Phaedrus (251d-e): “When, however, it is separated from the
beloved and runs dry, then the openings of the passages in
which the feathers grow are dried shut and keep the wings from
sprouting. Then the stump of each feather is blocked in its
desire and it throbs like a pulsing artery while the feather pricks
at its passageway, with the result that the whole soul is stung
all around, and the pain simply drives it wild. But then, when it
remembers the beloved in his beauty, it recovers its joy. From
the outlandish mix of these two feelings-- pain and joy—comes
anguish and helpless raving: in its madness the lover’s soul
cannot sleep at night or stay put by day; it rushes, yearning,
wherever it expects to see the person who has that beauty.

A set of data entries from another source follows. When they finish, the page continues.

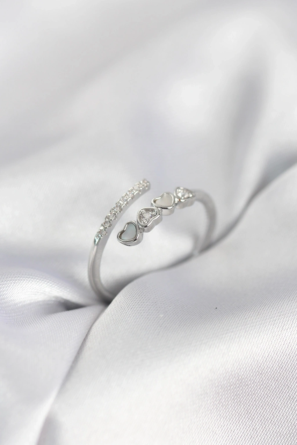 Mey İthalat® Pirinç Gümüş Renk Sedefli Zirkon Taşlı Su Yolu Model 2li Görünüm Ayarlanabilir Yüzük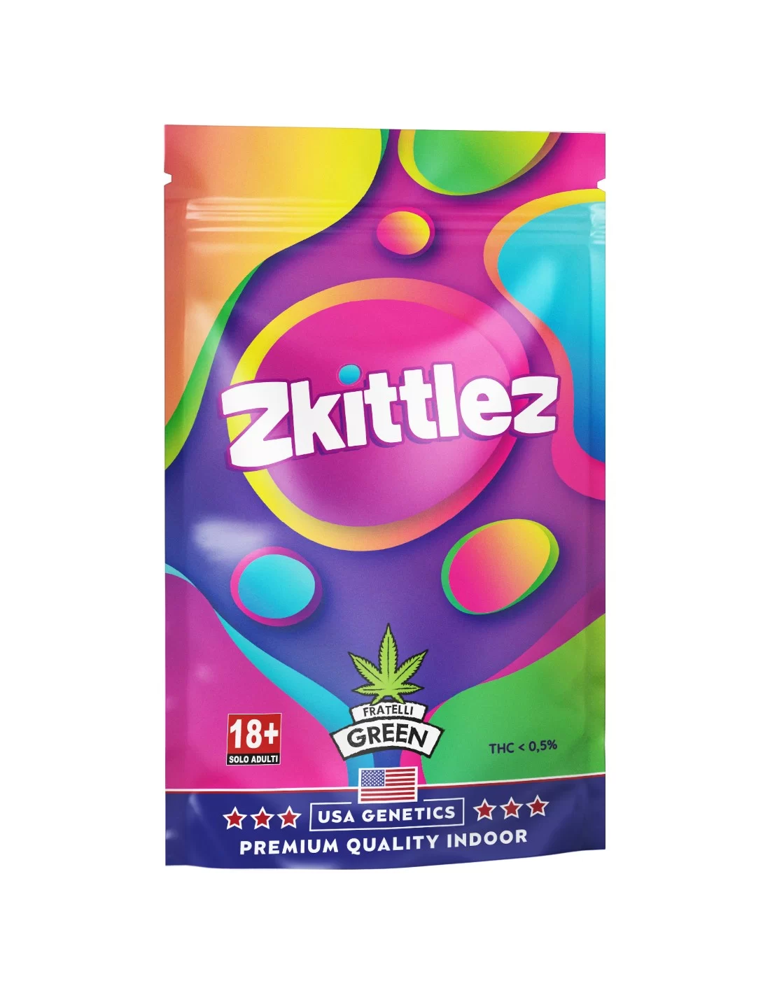 Señoras y señores, la Zkittlez: una de las variedades de cannabis más populares entre los entendidos. Su cepa original procede del extranjero, de una de las regiones más soleadas de la bellaCalifornia. Ganadora de varios premios en concursos cannábicos.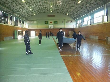 本日:2月14日(月)、昼休みに1・2年生が立志式に向けて、体育館にシートを敷いてくれました。お疲れ様でした。立志式は2月22日(火)に行われます。すばらしい立志式になることを期待します。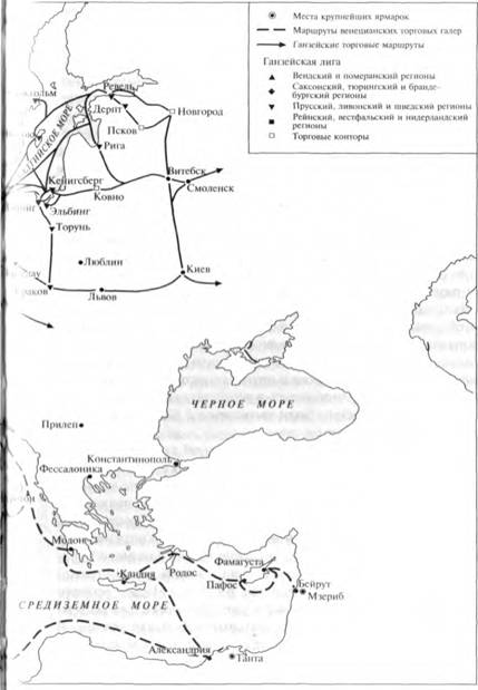 Карта 5.1. Торговые маршруты эпохи Позднего Средневековья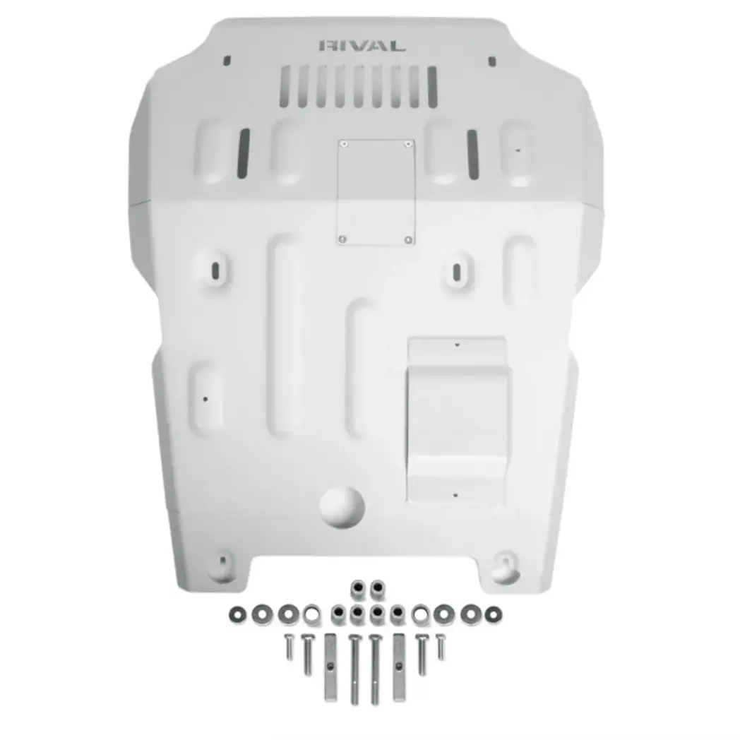 The high-quality laser cut RIVAL skid plates are made from deep stamped 1/4-inch thick aluminum alloy. This durable underbody armor offers both a lightweight and high strength solution for underbody protection. Combined with a no drill installation, it’s an easy choice to protect underbody of your vehicle from rocks, logs and scrapes. Being an extremely corrosion resistant material aluminum will not rust even if the surface coating becomes gouged or scratched.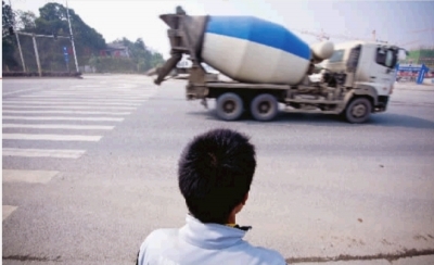 11月6日中午,长沙市芙蓉北路鹅羊山段,龙强站在事发路段马路边,一辆水泥罐车无视红灯,从血迹上呼啸而过。记者 李丹 摄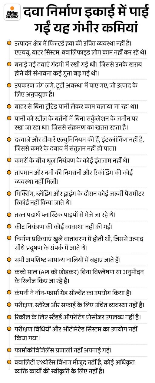 मध्य प्रदेश में 25 बच्चों की जान लेने वाले कोल्ड्रिफ कफ सिरप के मामले में हैरान करने वाला खुलासा हुआ है। परासिया सामुदायिक स्वास्थ्य केंद्र के डॉ. प्रवीण सोनी ने स्वीकार किया है कि कोल्ड्रिफ प्रिस्क्राइब करने की एवज में उन्हें श्रीसन फार्मास्युटिकल्स लिमिटेड से 10% कमीशन मिलता था। एक सिरप पर 89 रुपए एमआरपी दर्ज है। पूरी खबर पढ़ें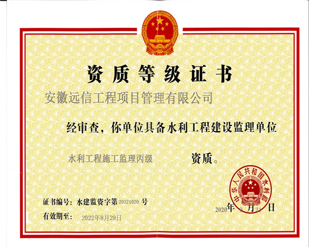 近日,經中華人民共和國水利部核準,安徽遠信通過吸收合并蚌埠明德建設監理有限公司,成功取得水利工程施工監理專業丙級資質。根據《水利工程建設監理單位資質管理辦法》規定,可承攬Ⅲ等(堤防3級)以下各等級水利工程的施工監理業務。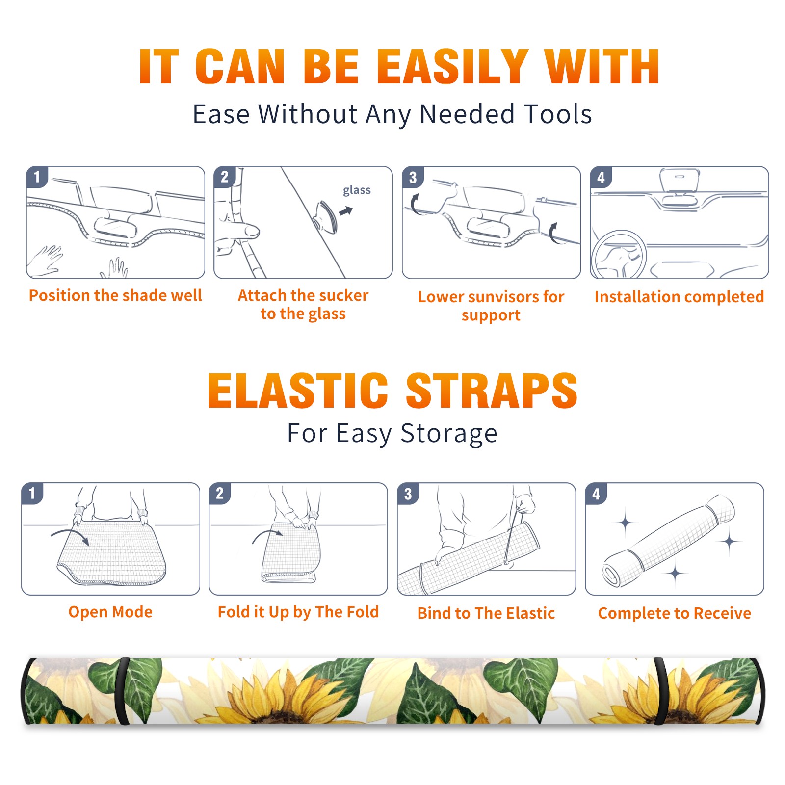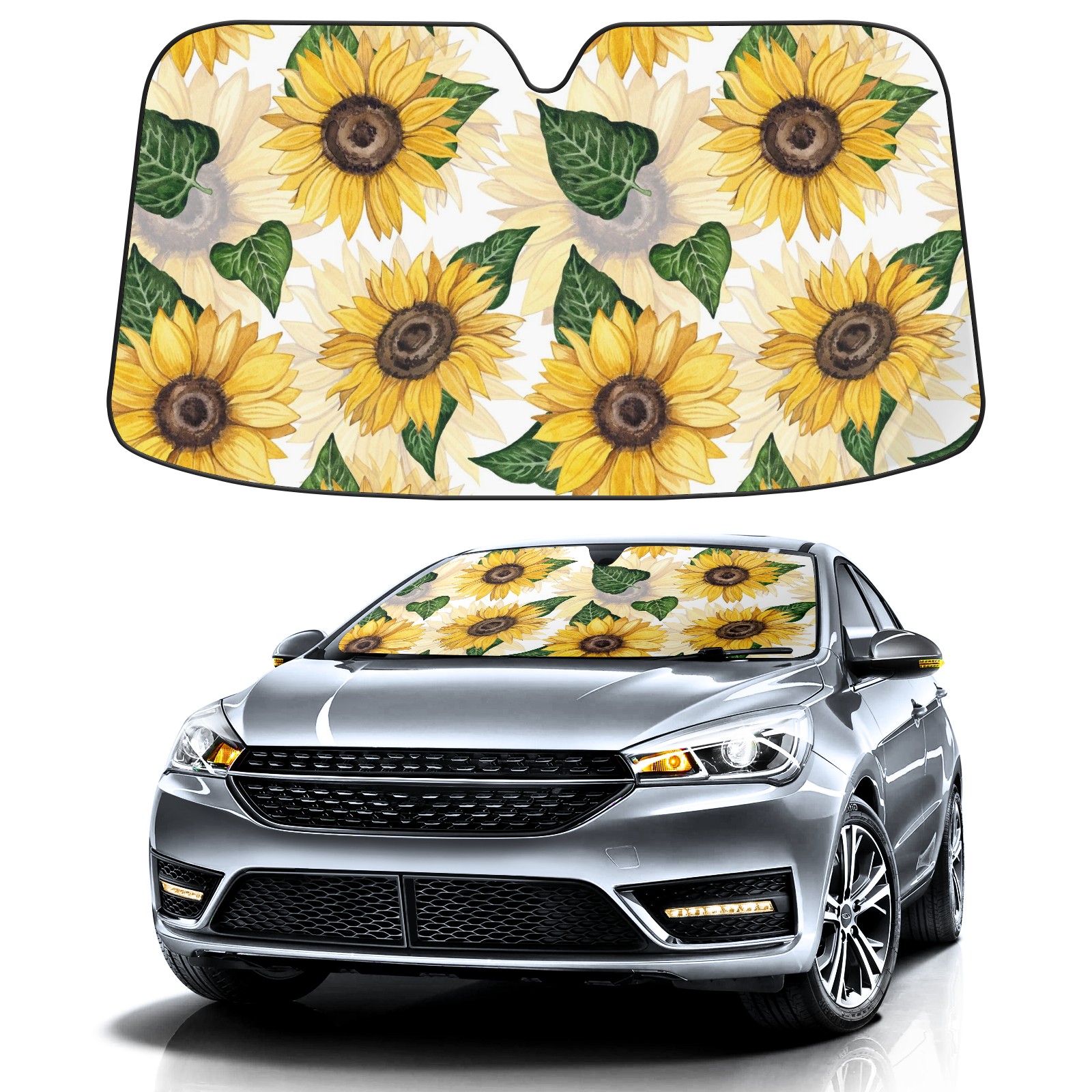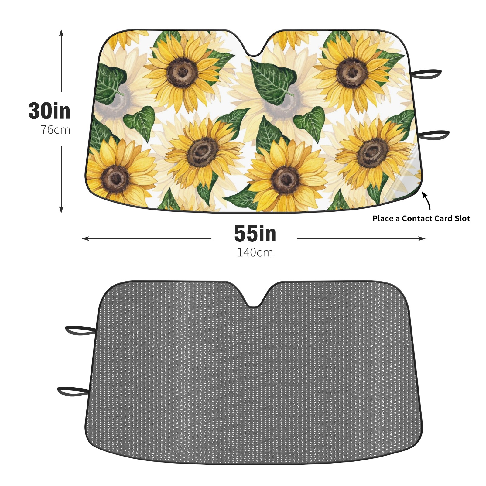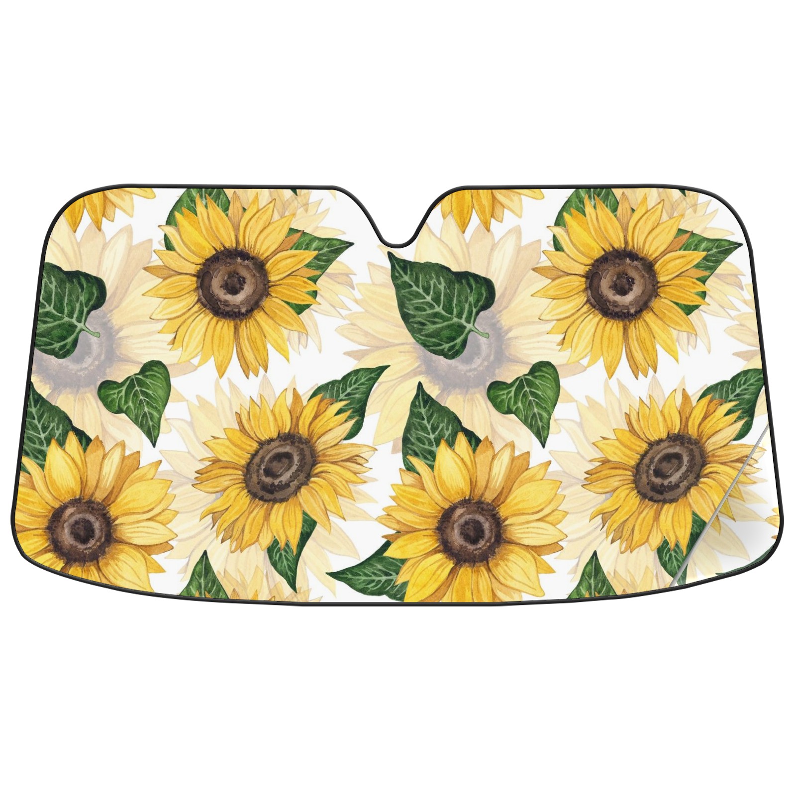 Car Windshield Sun Shade For Front Window Summer Sunflowers And Leaves Foldable Vehicle Windshield Car Sun Visor Covers Automotive Window Protector Car Camping Privacy Sun Blocker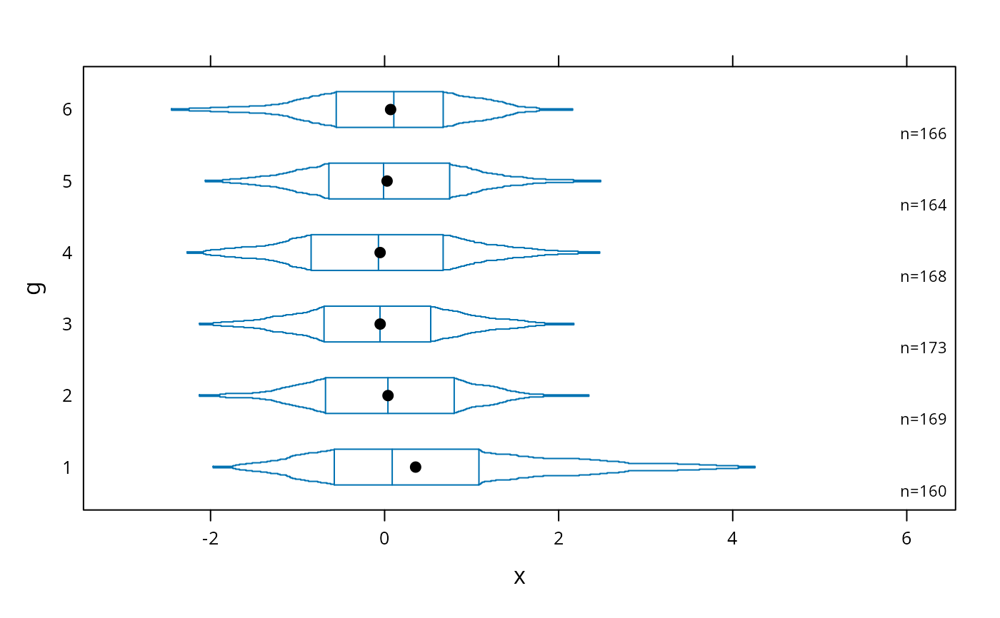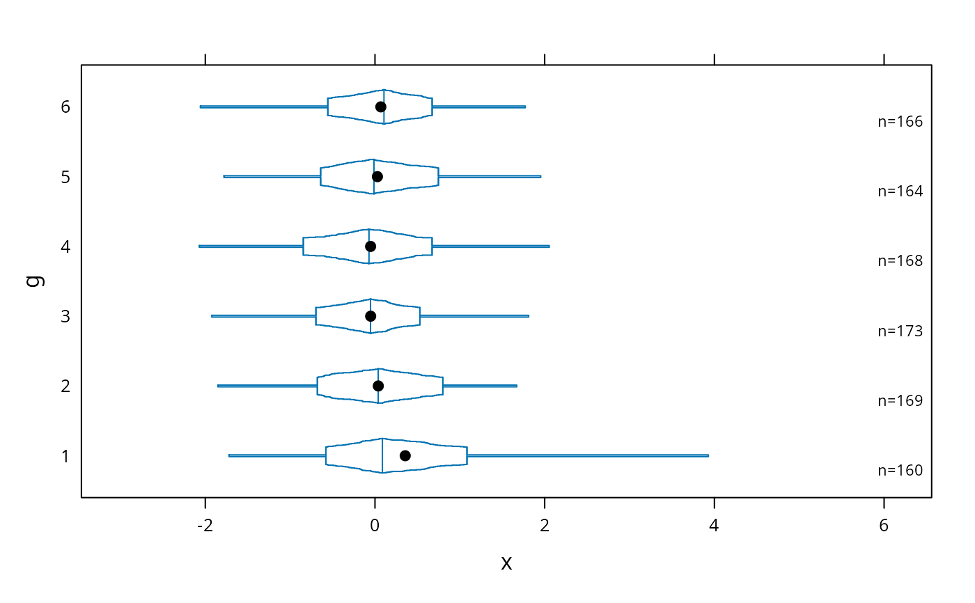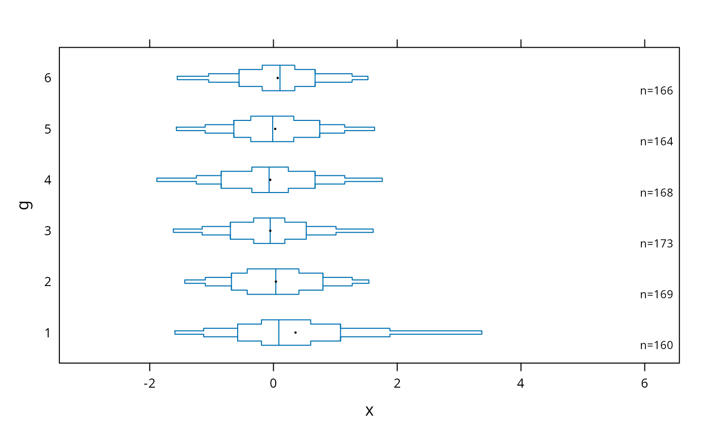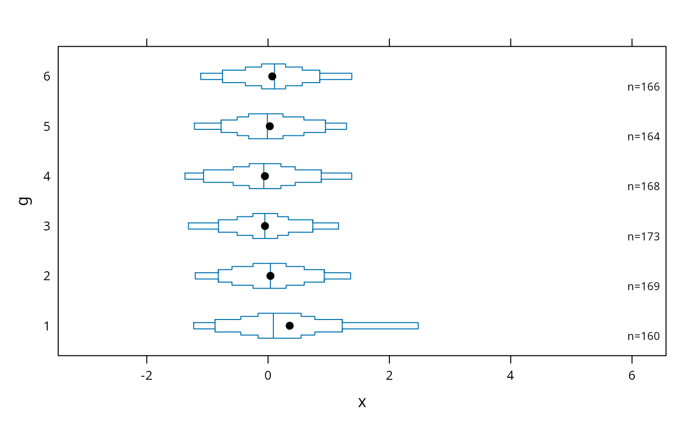 bwplot(g ~ x, panel=panel.bpplot, cex.means=.3)

When it does see him, it opens the sluice-gates of desire and
sets free the parts that were blocked up before. And now that
the pain and the goading have stopped, it can catch its breath
and once more suck in, for the moment, this sweetest of all
pleasures.”
The phomenology of love at Pheadrus 251a-c:
We see…
We react with a shudder of awe
(remembrance!)
We are drawn to regard the beloved person
almost like a God.
Chill, sweating, fever, a “melting of the soul”
Throbbing, aching passion
Compare Sappho Fragment 31: Follows
almost the same sequence!
People did write about crazy passionate love in
the Ancient world: Is this evidence that it is a
human universal?
SAPPHO, (630-612 BCE) Fragment 31:
“He seems to me equal to gods, that man
whoever he is who opposite you sits close
and listens to your sweet speaking and
lovely laughing. Oh, it puts the heart in my
chest on wings. For when I look at you,
even a moment, no speaking is left in me.
No! My tongue breaks and thin fire races
under my skin, in my eyes there is no
sight, drumming fills my ears, cold sweat
holds me, and shaking grips me all. I am
paler than dried grass, and seem in my
madness to be little better than dead! But
I am compelled to dare everything…”
Plato’s Defense of Love in Phaedrus:
1) Plato’s description does not defend love as
a reasonable activity– it is something that
transports us.
2) The value of this transport is still (in part)
that it raises our minds to things that are
higher and most real. But this is part of a
process that involves the other person
essentially, not merely as an accidental
means.
Plato’s Defense of Love in Phaedrus:
3) Plato’s account of love incorporates
something like a “modern” view that people
in love will commit their lives to one another.
4) Interestingly, Plato claims that wise lovers
will abstain from sex (?!) because the
attraction of pleasure might change the
quality of their experience of each other.
Abstinence (apparently?) keeps the
passions alive more effectively. (?!)
Two Conceptions of Love in Plato?
(i) In Symposium, this reaction to beauty (not
described in such appreciative terms!) was presented
as the first step in a process that would lead us,
ultimately, to abandon the individual for the sake of a
more abstract and intellectual devotion to beauty itself.
(ii) In Phaedrus, this is described as a “divine
madness” that constitutes the first stage in a lifelong
relationship of devotion, after which the devoted lovers
“sprout wings together” and ascend to bliss.
Two Perspectives?
Do we live “from the rim of heaven,” or do
we experience life as if “from the seat of
the chariot?”
Two perspectives, not two theories?
Upshot?
1) Perhaps Plato’s view of love changed over time, and it is
not appropriate to associate with him the standard “Platonic”
view that is so frequently criticized.
2) His later view does include a role for love as a particular
attachment to another person as an individual, not simply as a
stand-in for a more abstract and higher philosophical value.
(Perhaps this claim should be qualified?)
3) Plato’s dialogues, and especially Symposium and
Pheadrus, present a broad collection of different views. It is
inappropriate to associate the words of Socrates (or of “The
Athenian Stranger” of the later dialogues) with Plato himself.
4) I don’t have a fully satisfactory account of Plato’s view. (?)